On sait que dans une culture donnée, la plupart des récits
peuvent être ramenés à une structure prototypique. Ainsi,
on a pu par exemple modéliser le roman selon cinq
étapes : état initial, complication, action, résolution, état
final. Ce type de structure crée chez le lecteur un cadre
d’attente dont la satisfaction est l’un des plaisirs de la
lecture – quelque chose comme la version adulte du plaisir
enfantin de l’histoire répétée cent fois et toujours
réclamée.[…]
Dans les romans à intrigue, l’intérêt du lecteur, ce que
j’appelais la tension de la lecture, est soutenu par le
sentiment d’attente et aussi par l’élaboration semiconsciente de supputations concernant la poursuite de
l’action, c’est-à-dire par le plaisir de l’anticipation. Woolf le
sait bien qui compare la lecture d’une histoire à l’écoute
d’une mélodie à demi oubliée. En l’absence d’intrigue,
l’intérêt du cycle est justement qu’il assure l’unité de
l’œuvre, mais aussi qu’il crée la tension en induisant chez
le lecteur l’attente des étapes successives qu’il connaît
évidemment par avance.

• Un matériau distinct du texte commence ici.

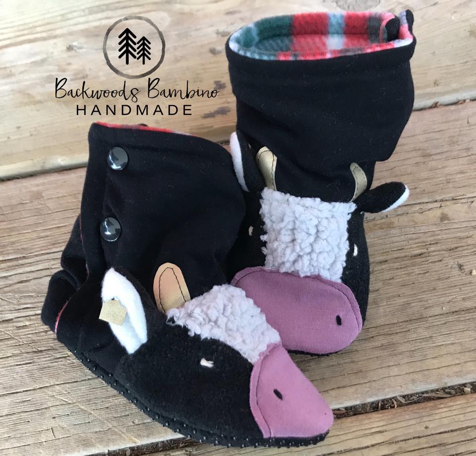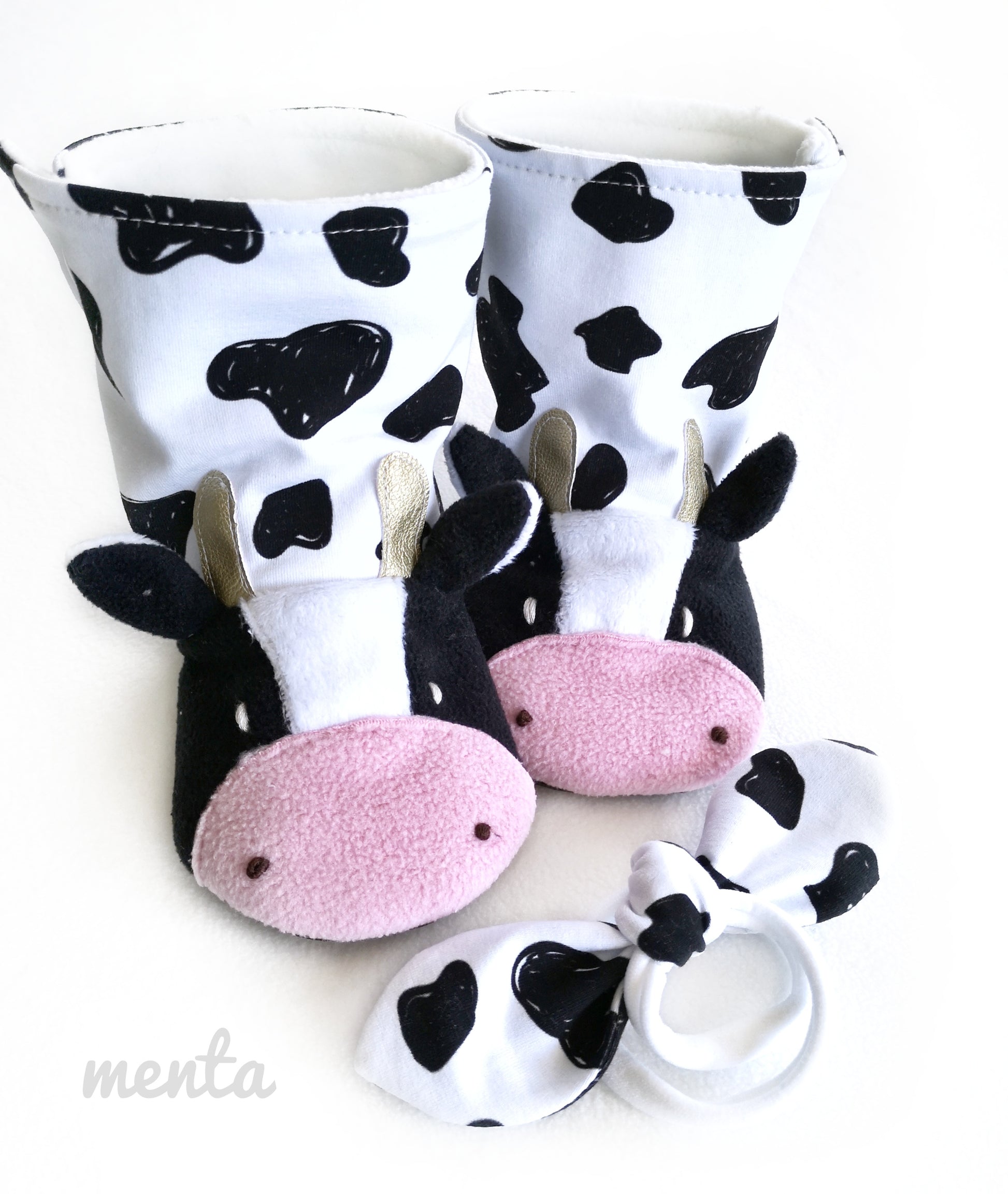 This listing is for a PDF file with instructions and pattern pieces to make your own Cow booties. This is not an actual pair of booties.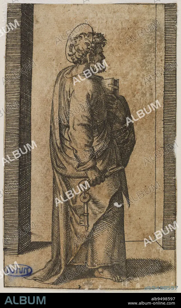 Caption: Jesus Christ and the apostles, Saint Peter. Second number of a suite of 13 pieces, part 1), page 163), Raimondi, Marc Antoine, Engraver, 16th century, Graphic Art, Print, Original Etching, Etching, Burin, Height: 8.2 cm, Width: 5 cm
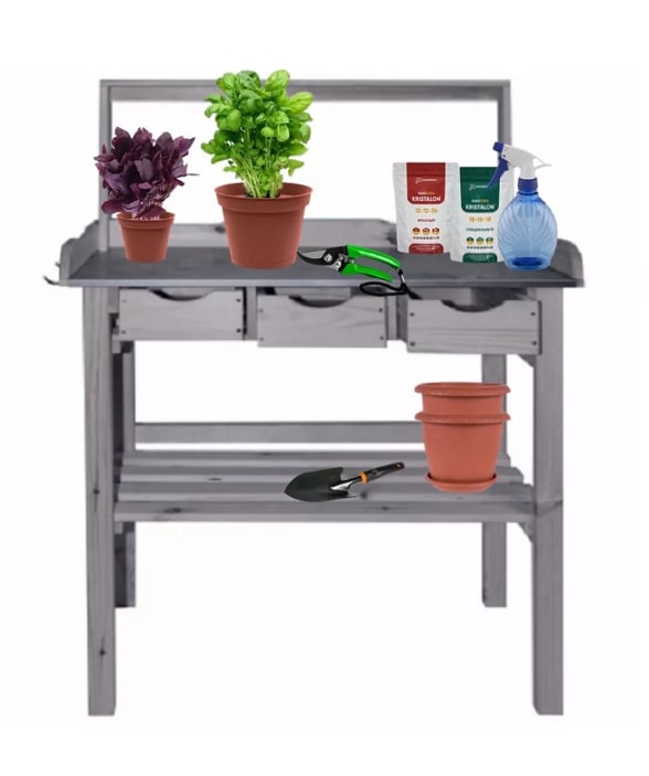 Стол для рассады деревянный предназначен для пересадки цветов, подготовки рассады, микрозелени. На нем можно разместить поддоны с саженцами, цветочные горшки, мини-парники, инструменты и аксессуары для рассады. Столешница выполнена из массива сосны защищена оцинкованной поверхностью, что позволяет осуществлять сортировку овощей и промывку корнеплодов непосредственно на вашем садовом участке и просушку их на реечной полочке.Дополнительная полка в низу позволяет использовать стол садовый как напольную подставку стеллаж для растений, а ящики и крючки сбоку — экономить пространство на вашей мастерской, балконе, террасе.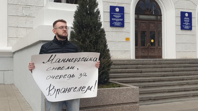 11 ноября прошли очередные одиночные пикеты возле главного корпуса ДГТУ с требованием демонтировать памятник белому генералу П. Врангелю на территории кадетского корпуса.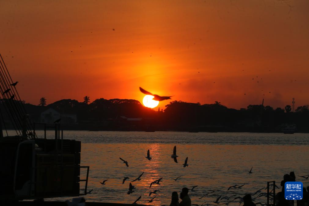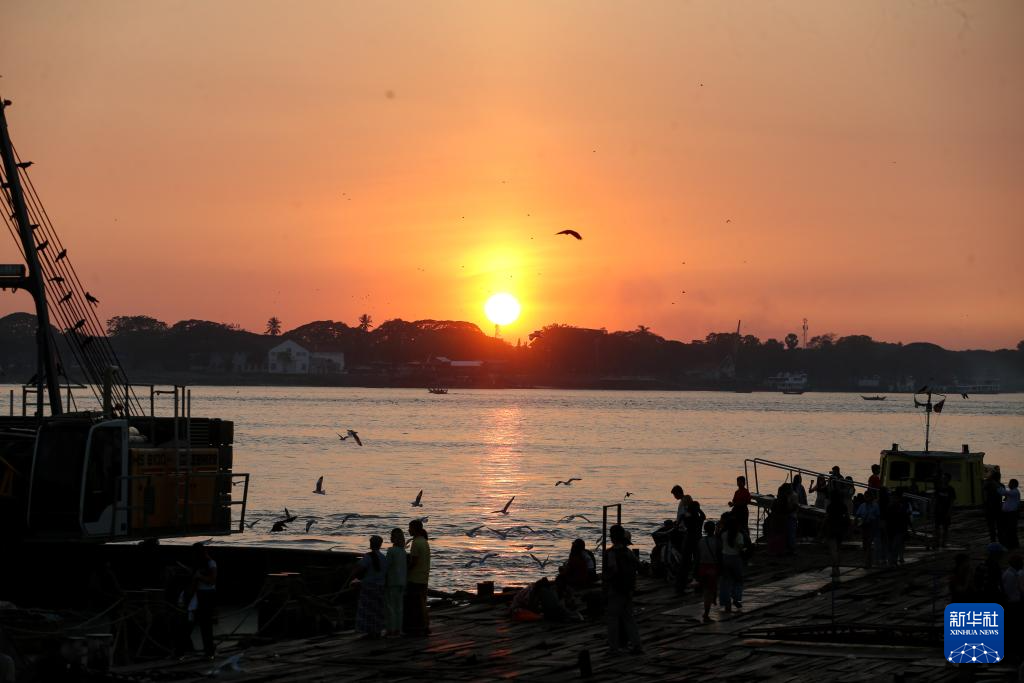 12月31日,人们在缅甸仰光欣赏2025年最后一次日落。新华社发(苗觉梭摄)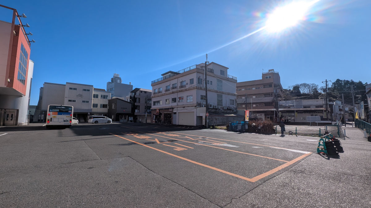 駅前広場にはバスも乗り入れ、比較的広い広場が広がっています。一方で、広場には歩道が無く、通行空間も区別されていません。

Dans Mrs Dalloway le retour
régulier de la mention des heures de Big Ben depuis le
matin crée un sentiment d’attente, et nous fait supposer à
juste titre que la narration s’achèvera avec la fin de la
journée. Ce procédé du cycle a également été utilisé par
Joyce, dans Ulysse, où l’on retrouve mêlés le cycle d’une
journée, comme dans Mrs Dalloway, et celui du mythe
homérique, tous deux assurant la tension et l’unité de
l’œuvre.
Cette utilisation des cycles dans les années 20 révèle une
transformation qui affecte la conception du temps. On a
admis avec Bergson que le temps de l’esprit n’est pas un
temps spatialisé, découpé en évènements ou périodes,
mais qu’il est une pure durée. On comprend alors que
l’intrigue se dissolve chez les écrivains de cette période :
une intrigue, au sens conventionnel du terme, ne pourrait
pas restituer ce déroulement de la pensée. Le principe du
monologue intérieur par rapport à la narration à la première
personne repose d’ailleurs sur une différence de
temporalité : dans le second cas, le Je narrateur et le Je
personnage appartiennent à des époques différentes, le
narrateur en sait donc plus que le personnage et organise
son récit en fonction de ce savoir. Tandis que dans Les
Lauriers ou dans Ulysse, le temps du récit est celui de la
durée orale et du vécu romanesque en train de s’accomplir.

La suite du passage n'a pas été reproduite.